Edited by AllFishNoBrakes
  • Thanks 1
Link to comment
Share on other sites

If you had gotten your snails a couple months ago, you would be on track, but you’ll need a whole lot more of a start to keep up with peas.  If you can feed them all bloodworms, brine shrimp, Daphnia, etc, for a couple months you should have enough of a colony built up of each type of snail to fill the bill.  Ramshorn eggs take 2-4 weeks to hatch (as little as 10 days in warmer temps), snails are ready to reproduce in about 4-6 weeks.  So if you don’t touch your starters your colony should self-sustain in about 2 months.

Your bladder snail eggs hatch in about 1 week and snails are mature in about 4 weeks.  But it takes more bladder snails to feed a pea than it does ramshorns.  So your self-sustaining point is still likely to be around 2 months.  Make sure you always keep several medium to larger breeders, especially of the ramshorns.

Edited by Odd Duck
Clarify
  • Thanks 2
Link to comment
Share on other sites

On 4/20/2023 at 12:27 AM, AllFishNoBrakes said:

@FLFishChik I’ve had my peas for about a year and a half now. I have 6 in a 29 gallon. Sounds like we do something similar as far as feeding. Mine get bloodworms and then live snails a couple times per week. 
 

Based on my personal experience, you’re probably a couple of months out until having the snail population you’ll want/need to feed snails 3 or 4 times per week. These little murder beans can eat a lot! Even if I feed bloodworms, and then drop in 10 snails in a jungle of PSO there’s 10 snail shells on the substrate before the next nights bloodworms. 
 

I would put the snails in different tanks and just feed them well and let them multiply. It’s gonna take some time, but when you have “too many” then pull some out with a little bit of tank water in a Tupperware and feed them out. When I do maintenance I’ll just take snails out of my tanks as they’re on the glass or whatever and then that’s my snails for the week. Definitely takes time to build those snail colonies to do that all the time though. 
 

I’ve found my Peas to be probably my favorite fish I’ve kept and they’ve been easy, for me at least. Holler if I can be of assistance!
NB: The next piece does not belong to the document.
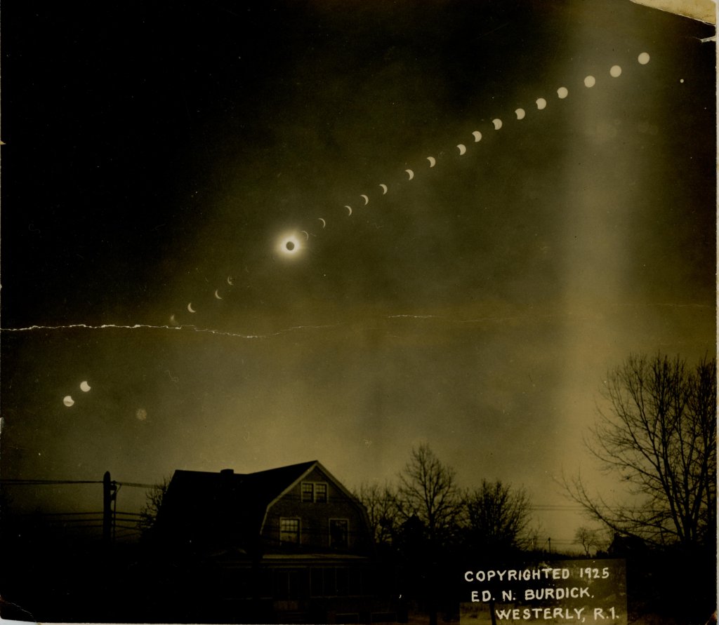 On January 24, 1925, a total eclipse of the sun was visible throughout much of New England. Mary Howe and her parents, Halsey and Edith DeWolf, went to Watch Hill, Rhode Island, to view the eclipse which lasted for about 2 and a half minutes. Her father bought her a pair of special eclipse glasses and recorded their observations.

Mine will be going in a 29g as well. I have two other tanks set up specifically for the Snails… so the Murder Beans can’t decimate them before they can even get started😂

On 4/20/2023 at 12:45 AM, Odd Duck said:

If you had gotten your snails a couple months ago, you would be on track, but you’ll need a whole lot more of a start to keep up with peas.  If you can feed them all bloodworms, brine shrimp, Daphnia, etc, for a couple months you should have enough of a colony built up of each type of snail to fill the bill.  Ramshorn eggs take 2-4 weeks to hatch (as little as 10 days in warmer temps), snails are ready to reproduce in about 4-6 weeks.  So if you don’t touch your starters your colony should self-sustain in about 2 months.

Your bladder snail eggs hatch in about 1 week and snails are mature in about 4 weeks.  But it takes more bladder snails to feed a pea than it does ramshorns.  So your self-sustaining point is still likely to be around 2 months.  Make sure you always keep several medium to larger breeders, especially of the ramshorns.

Thanks! I am planing to probably keep the original 25 as parent snails (how long do they live?), the Ramshorn snails I want to breed for colors, so they’ll be getting those as I cull. Guess I’ll need to buy more bladders then. Maybe I’ll get a snail population explosion 😂 (said only Pea Parents..ever)

Link to comment
Share on other sites

Per Google search, bladders supposedly live anywhere from 1-5 years, or no more than 2 years, or 3-12 months, depending on who you believe, but I’d suggest feeding them before they get geriatric since you don’t want any to die in the tank and foul it.  Ramshorn snails live about a year.

Link to comment
Share on other sites

On 4/20/2023 at 2:49 AM, Odd Duck said:

Per Google search, bladders supposedly live anywhere from 1-5 years, or no more than 2 years, or 3-12 months, depending on who you believe, but I’d suggest feeding them before they get geriatric since you don’t want any to die in the tank and foul it.  Ramshorn snails live about a year.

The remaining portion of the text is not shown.